Chapter 2 Dataset
The data contains 20 CSV files with team names, matchups, box score stats, and rankings dating back to 2003. I started by looking at the box scores of each team since these statistics would be the basis of my models. Each row had a Winning Team and Losing Team along with their respective stats. I pivoted this dataset longer in order to have a row for each team in a game (one game has two associated rows, one for each team). These rows contained offensive statistics for the team like points and defensive statistics like points allowed. Then, I performed feature creation on the game stats: adding offensive rebounds and defensive rebounds together to calculate total rebound, subtracting points scored and allowed for point differential, and calculating possessions from shot attempts. After creating these columns, I rolled the game data into season data for each team by calculating the averages of each statistic over a season. I also created a few other features, including Points per Possession and effective Field Goal Percentage.

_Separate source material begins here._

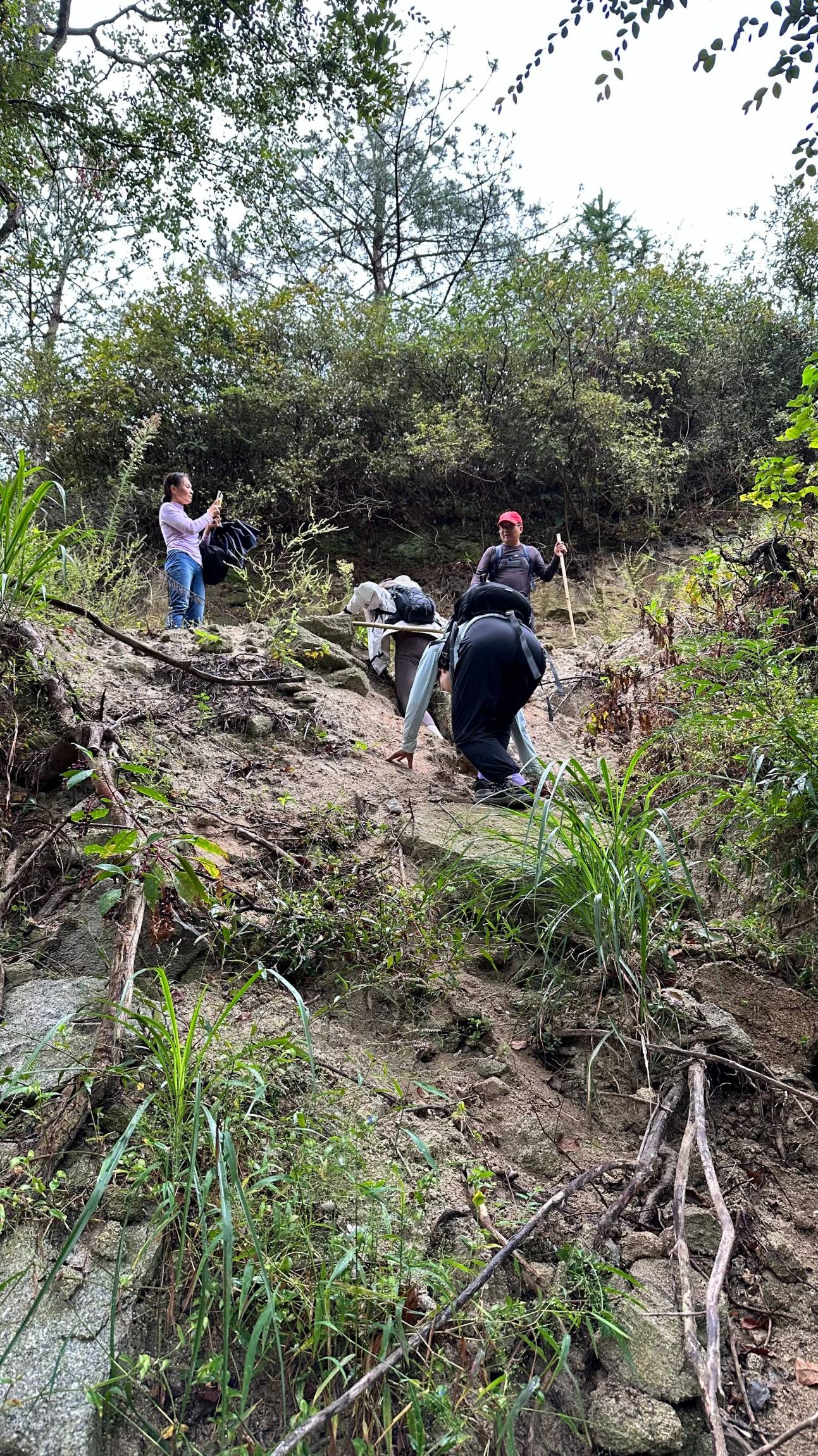 来时经过山峰水库,屋边人家门前洛神花美艳,墨绿南瓜横卧路边,处处风景如画。我是生怕惊扰,不敢大声说话,如午间路餐,歇脚躲雨屋檐下,不忍进屋粘湿老伯堂屋地面,宁愿站着和大家一起分享简单食物,也不愿打扰。但很开心,甜甜的饼让我醉了,熟板栗来不及吃,好像放在了窗台上,忘记带走。但是随身带走了垃圾,没有放在撮箕里,想着山高路远,老人家不太方便,他们养了鸡鸭,种了菜,应该可以堆肥,不过塑料之类的垃圾,我还是放在包侧边带走。也带着美好的心情,开始低头弯腰,钻拔茅洞,扶石爬坡,上到大马路。

After calculating the season statistics for each team, I joined the dataset with the ranking CSV. This file had rankings for each team, including the AP Poll, NET ranking, and Pomeroy ranking. I also created a sort of heat index, which showed the change in a team’s Pom ranking over the last month before the tournament. I joined this table with seasonal and ranking data for each team with the file of team matchups for the 2003 to 2021 tournaments.
Each row, now, contained Team 1 and Team 2 and their respective statistics for the year. The results were set up as a binary indicator coinciding with a 1 if Team 1 won and a 0 if Team 2 won. This means the probability of Team 1 winning is just p, while the probability of Team 2 winning is 1-p. The dataset is also evenly split between games that Team 1 and Team 2 won.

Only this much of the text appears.